Diborane ($$\text{B}_2\text{H}_6$$) is uniquely suited for this task. It is an electrophilic reducing agent that reacts exceptionally fast with electron-rich carboxylic acids via a mechanism that involves initial coordination with the carbonyl oxygen followed by hydride delivery. The relative rate of reduction by diborane follows the order:
$$\text{--COOH} > \text{Olefin} > \text{--COCH}_3 >> \text{--COOR} \sim \text{--CN} \sim \text{--CONH}_2$$
Under controlled conditions, $$\text{B}_2\text{H}_6$$ selectively reduces the carboxylic acid group while leaving ketones, nitriles, and amides untouched.
Option B — $$\text{NaBH}_4$$ (Sodium Borohydride):
Sodium borohydride is too weak of a reducing agent to reduce carboxylic acids. Instead, it would selectively reduce the ketone ($$\text{--COCH}_3$$) group into a secondary alcohol, leaving the carboxylic acid untouched.
Option C — $$\text{LiAlH}_4$$ (Lithium Aluminum Hydride):
Lithium aluminum hydride is an extremely powerful, unselective nucleophilic reducing agent. It would reduce all of the functional groups present: the carboxylic acid to an alcohol, the ketone to a secondary alcohol, the nitrile to a primary amine, and the amide to an amine.

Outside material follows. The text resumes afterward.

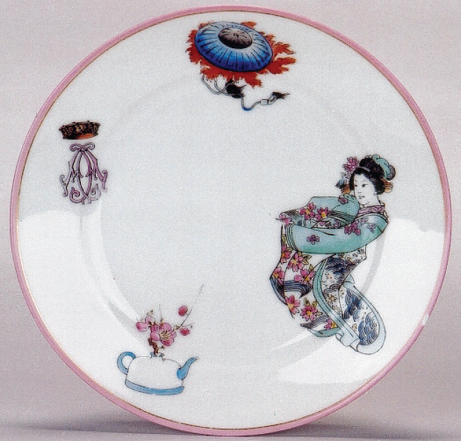 Fonte: Acervo do Museu Paulista da Universidade de São PauloRecentemente, Bracquemond foi redescoberto como artista atuante no movimento impressionista e, tanto quanto Émile Gallé, precursor do art-nouveau. Em Bracquemond, a inovação se dá sobretudo pela aplicação, pela adaptação à cerâmica, do conhecimento das artes gráficas que são a sua especialidade; é também das artes gráficas que ele traz a estética e os motivos japoneses (Bouillon; Meslin-Perrier, 2005). O período de 1872 a 1880, em que este artista dirige, para Haviland & Co, o “atelier d’Auteuil”, nos arredores de Paris, é considerado muito criativo e produtivo. Sob a direção geral de Charles Haviland, Bracquemond cria decorações ao mesmo tempo inovadoras e comercialmente bem-sucedidas. O Museu Paulista tem em seu acervo um prato de um serviço de sobremesa decorado com decalques16 em motivos japoneses,17 entre os quais uma “graça japonesa”, figura feminina com quimono, encontrada em uma prancha de Bracquemond (Bouillon; Meslin-Perrier, 2005).18 Esta peça mostra bem a distribuição mais solta dos elementos decorativos. Tem ainda um friso cercando a borda, mas este é estreito e tem a leveza de um cor-de-rosa suave (figura 2). Além disso, nesse havia uma variação na decoração de um prato e outro como se pode ver numa das páginas de um catálogo da manufatura Haviland datado de 1879, o que confere ainda mais modernidade a esse serviço.19

Option D — $$\text{H}_2/\text{Pd}$$ (Catalytic Hydrogenation):
Catalytic hydrogenation under normal laboratory conditions does not reduce carboxylic acids, amides, or nitriles. It is typically used for reducing carbon-carbon double/triple bonds, nitro groups, or aldehydes/ketones, making it unreactive or completely non-selective for the desired conversion.
Diborane ($$\text{B}_2\text{H}_6$$) is the only reagent capable of performing the selective reduction of a carboxylic acid group in the presence of ketone, nitrile, and amide functionalities.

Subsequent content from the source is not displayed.